This is me, measuring species of focus for this survey. Afterward, we bag and freeze those needed for further analysis back on land, and the rest get washed back to sea.
Electronic caliper used to measure the specimens. It has a USB cable that connects to the computer and immediately records data into a spreadsheet.
This data sheet is a record of all the measured species from our catches.
So far this is our routine. Tonight, we had a break from trawling as we transit up to Davenport, just North of Santa Cruz. The current conditions are not favorable for trawling, so we will get back to work tomorrow evening. While we take it easy, our NOAA officers navigate the ship up the coast. I had the opportunity to speak to our Executive Officer (XO), Lieutenant Commander Emily Rose.
How did you come to work for NOAA?
I went to the University of Hawaii and got my degree in Meteorology. From there, my friend referred me to someone who currently worked in the NOAA Corps. The things she told me about the job piqued my interests, so I applied. I was selected in 2008. There was a 5-month training period, and then I was stationed in Hawaii on the Ka’imimoana, a ship that has since been decommissioned. I was sent to Santa Rosa, CA to work for National Marine Fisheries Service (NMFS) during my first land assignment, then I became the Operations Officer aboard the Okeanos Explorer. Before I joined the Reuben Lasker, I was stationed at the National Centers for Environmental Information (NCEI) in Boulder, CO for 2 years.
Since you have a degree in Meteorology, do you get to use what you’ve learned for your current position?

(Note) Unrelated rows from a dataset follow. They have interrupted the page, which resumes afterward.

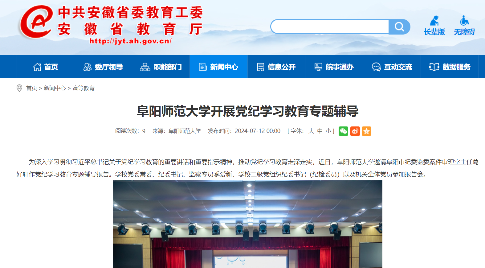 7月12日,安徽教育网报道:阜阳师范大学开展党纪学习教育专题辅导。文章地址:
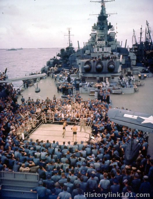Boxing matches are a daily feature for the men of the USS Iowa while in port.
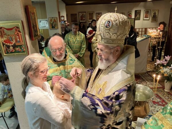 Скъпи приятели, с радост и благодарност към Бога споделяме с Вас подаръците които църковната ни община получи в навечерието на Рождество Христово – поредна прекрасна изложба на православни икони, архиерейско посещение и кръщението на двамата най-малки нейни членове. Вижте как това събитие е отразено в официалния сайт на Светия Синод на Българската Православна Църква – Българска Патриаршия.

Every time I’ve been on a ship, I’ve been the defacto weather officer. On the Reuben Lasker, I haven’t had to do too much with weather so far, but on other assignments I’ve done weather presentations and helped others like the CO (commanding officer) interpret weather patterns, and just to provide information to those who are interested in learning. It’s is not a career in Meteorology, but having a degree in a science that relates to what NOAA is beneficial. You use critical thinking skills throughout the job. If there is a challenge, you can come up with a solution. You also have math and physics, and a basic understanding of how things work. All these things help make operations successful.
What is the most important part of your job now?

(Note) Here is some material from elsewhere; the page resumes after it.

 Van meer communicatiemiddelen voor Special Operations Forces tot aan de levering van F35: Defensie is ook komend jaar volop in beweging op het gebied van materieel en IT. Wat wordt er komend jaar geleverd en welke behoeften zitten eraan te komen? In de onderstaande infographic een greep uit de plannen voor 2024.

The most important part of my job is to manage the ship’s crew. I make sure they are put first. I manage their time and attendance, their pay, their leave time, any personnel issues, etc. Anything they need, I am there for them. They are the reason we (the ship) are successful.

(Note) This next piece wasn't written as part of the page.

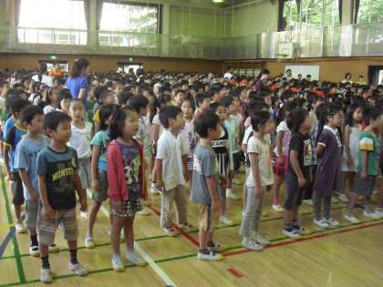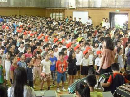 深水先生の指導のもと、みんなで言葉を合わせて、気持ちよく歌うことをめあてに歌いました。体育館には梅雨空を吹き飛ばす子どもたちの元気な歌声が響き渡りました。
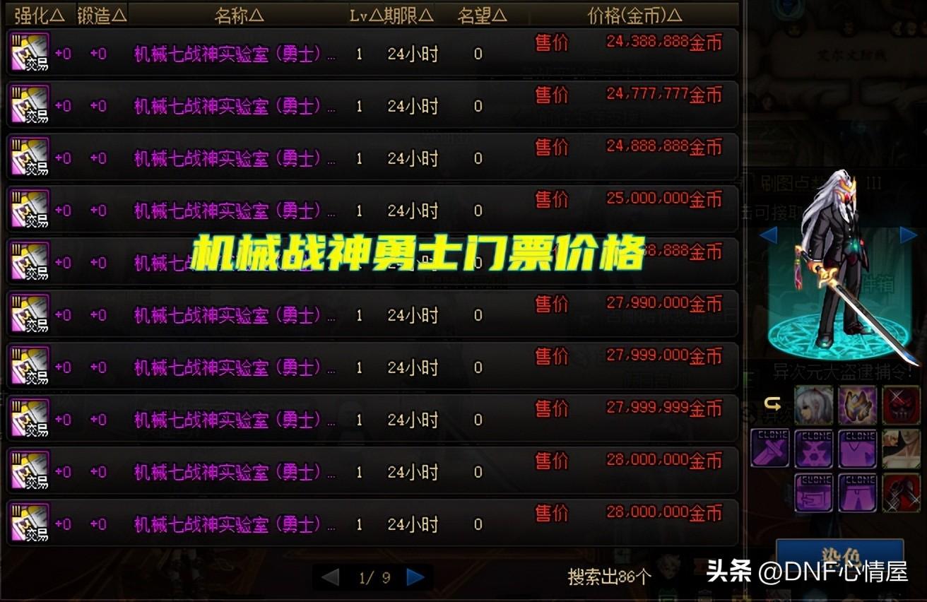 但对于土豪来说,是秒机械战神门票最佳时期,等大部队刷图点数没了,价格会缓慢上涨。那么爆出门票的,可以先留着,涨价了再出手,这样能多赚点金币。

What is your favorite part of your job?
All of it! The variety. My job changes from day to day; there are new challenges each day. The variety makes it interesting.
What tool is the most important for you to do your job?
For me I would not be able to do a good job if I did not have a positive attitude. Sometimes we are faced with challenges that are not easy to fix without support and understanding. Having a positive attitude helps me get through it and helps others around me.
I also think it is important to be open-minded and be willing to try new things. There is a lot that we deal with that some have never dealt with before. Having an inquisitive mind and ability to be ready for anything are important.
When you applied for NOAA, did you know this is what you wanted to do?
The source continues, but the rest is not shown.